[Stored items from a collection]
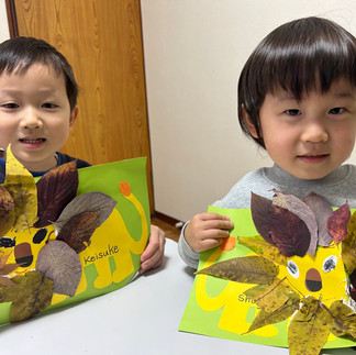「ガオー!」と言いながら貼る子、「フワフワ〜」と落ち葉の手触りを楽しむ子、それぞれの個性が爆発!
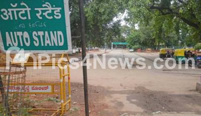 Photo Caption : Deserted look at Prepaid auto stand at City Railway station, following Karnataka Private transport unions and other transport associations called Bengaluru Bandh demanding the withdrawal of the Congress governments Shakti Yojana (Scheme), in Bengaluru on Monday 11th September 2023
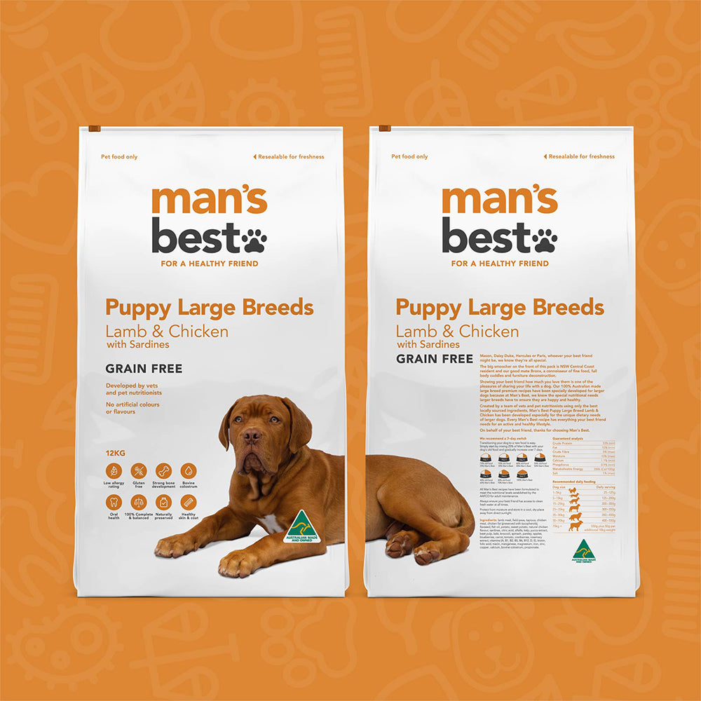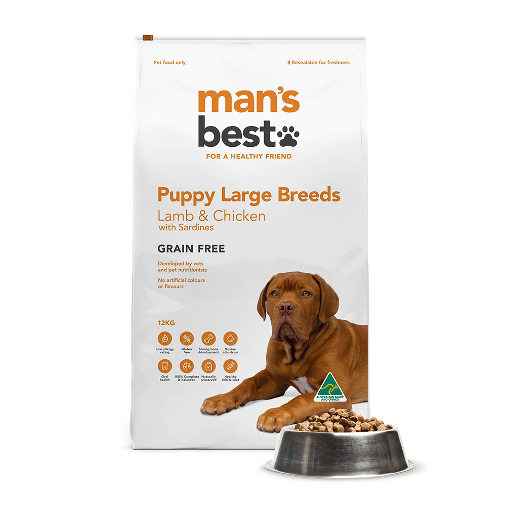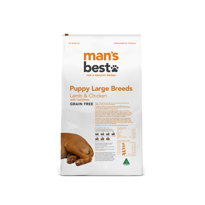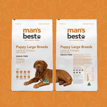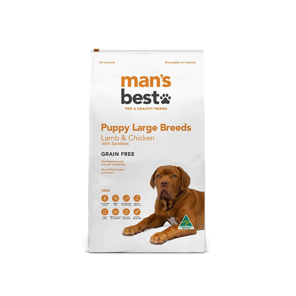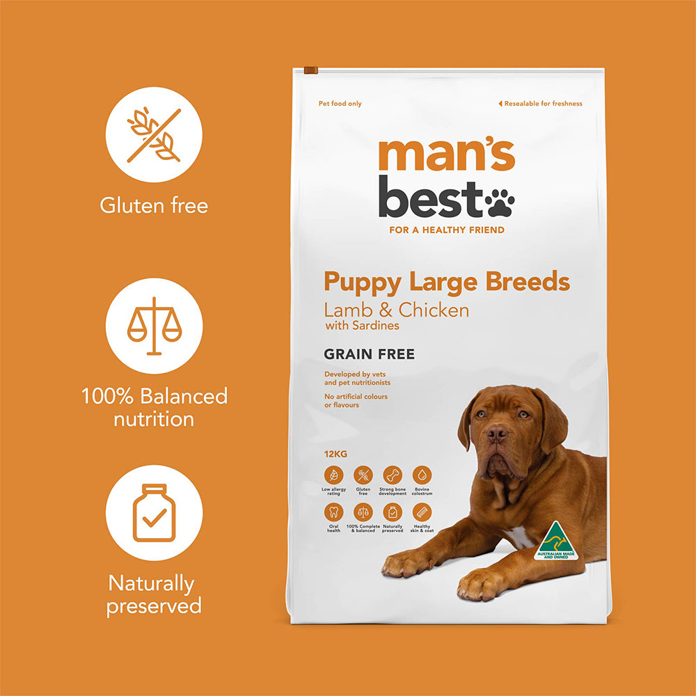 Introduce your large breed puppy to a nutritious start with MAN'S BEST Large Breeds Lamb & Chicken Puppy Dog Food. Developed by vets and pet nutritionists, this 100% Australian-made, grain-free formula, featuring bovine colostrum, is specially crafted to meet the unique nutritional needs of large breeds puppy like Labrador Retriever, Golden Retriever, Boxer, German Shepherd, Saint Bernard, English Mastiff, and Great Dane.
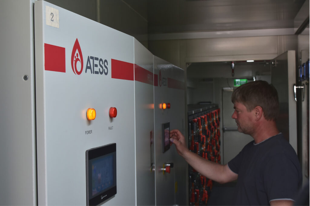 No local, foi instalada uma solução híbrida, que integra solar e armazenamento de energia em contêiner de 450 kW, equipado com três inversores híbridos all-in-one ATESS 150kW HPS paralelos e ATS (chave de transferência automática).
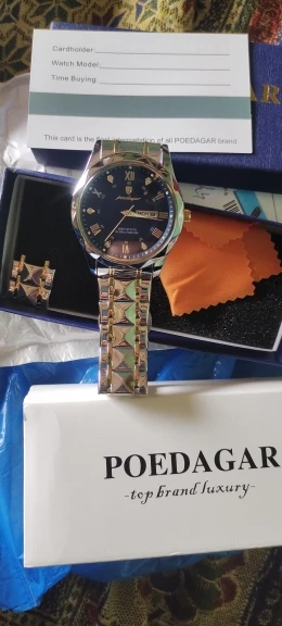The POEDAGAR Luxury Man Wristwatch is a stylish and functional timepiece that exudes sophistication and elegance. The round stainless steel case measures 41mm in diameter and features a 20mm band, ensuring a comfortable fit for any wrist.
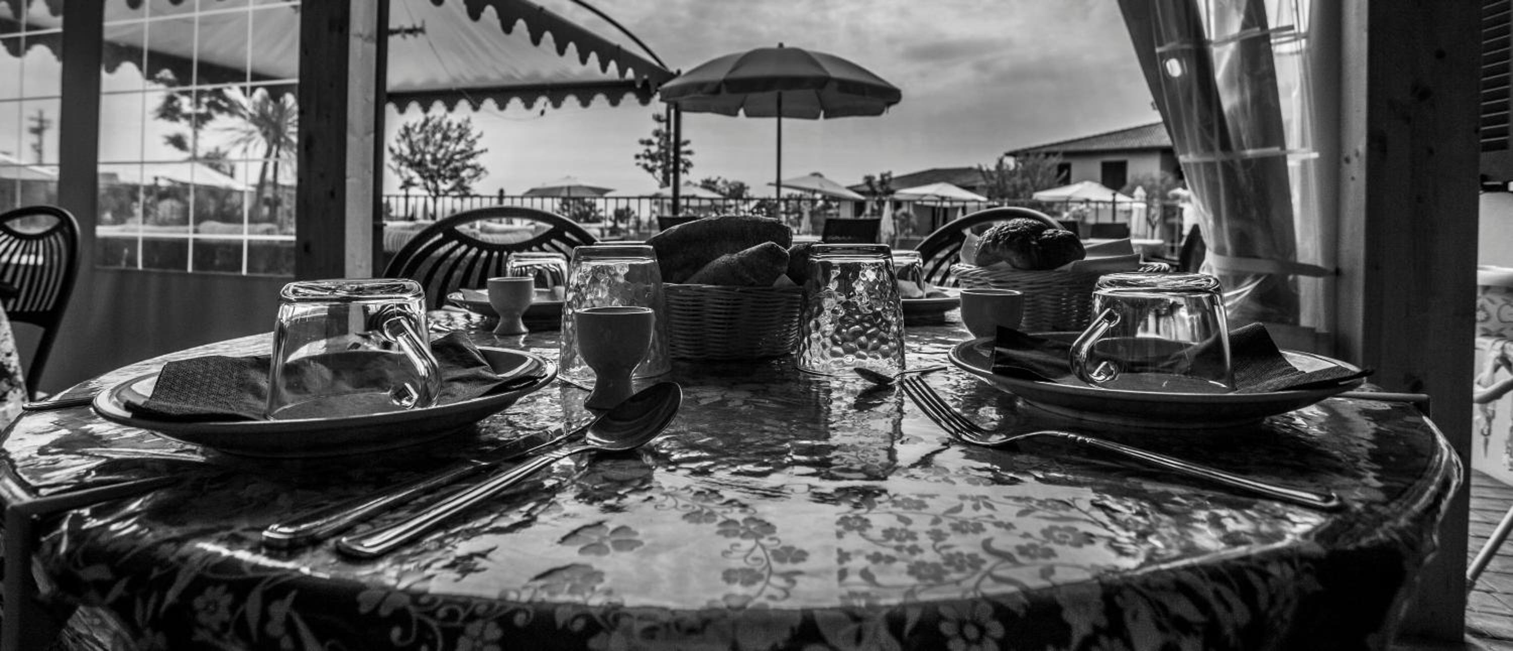Plastikstühle und Plastiktasche auf der Terrasse
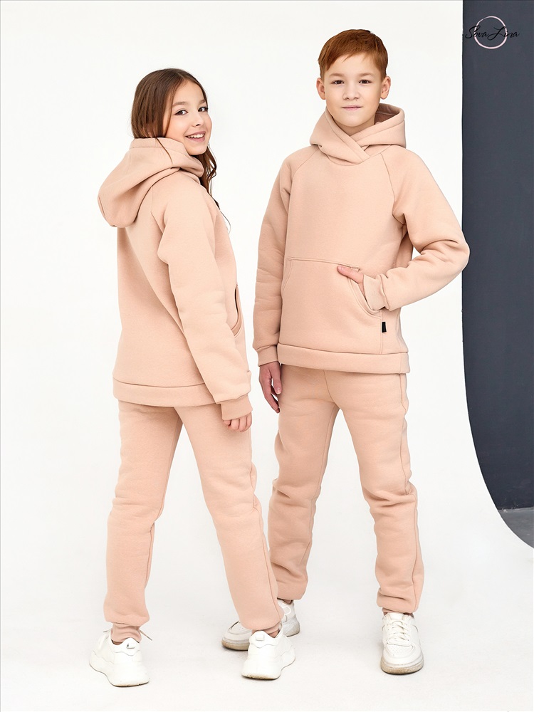 Демисезонный теплый спортивный костюм от бренда SOVAlina для подростков и родителей. Выполнен из футера 3х-нитки с начесом. Модель унисекс. Толстовка с капюшоном (без подклада) и карманом-кенгуру, брюки на резинке с эластичными манжетами. Утепленный костюм с мягким флисом идеальный вариант одежды на весну или осень, и как зимний костюм. Благодаря умеренному "оверсайз", отлично подойдет под жилетку или куртку. Возможно сбрасывание лишнего ворса начёса, которое является не дефектом ткани, а её особенностью, и полностью исчезает после нескольких стирок.
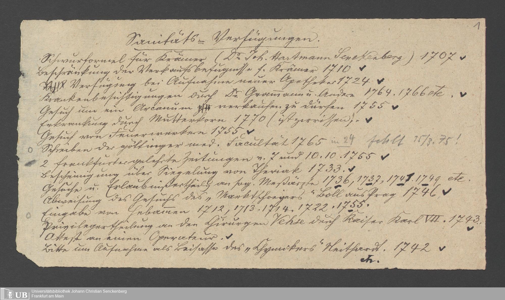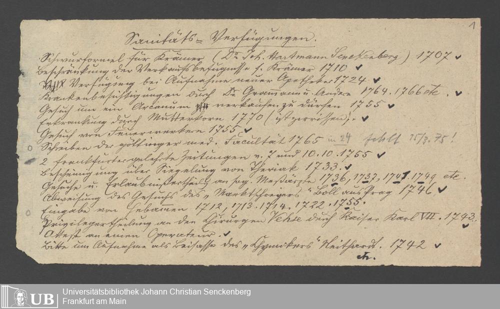 Nachlass Johann Christian Senckenberg

_What the task asks_
If a line falls between the one containing "Демисезонный теплый спортивный" and the last line of the entries above, both included, reproduce it exactly; leave the pictures out.

_Result for this exercise_
 Демисезонный теплый спортивный костюм от бренда SOVAlina для подростков и родителей. Выполнен из футера 3х-нитки с начесом. Модель унисекс. Толстовка с капюшоном (без подклада) и карманом-кенгуру, брюки на резинке с эластичными манжетами. Утепленный костюм с мягким флисом идеальный вариант одежды на весну или осень, и как зимний костюм. Благодаря умеренному "оверсайз", отлично подойдет под жилетку или куртку. Возможно сбрасывание лишнего ворса начёса, которое является не дефектом ткани, а её особенностью, и полностью исчезает после нескольких стирок.
 Nachlass Johann Christian Senckenberg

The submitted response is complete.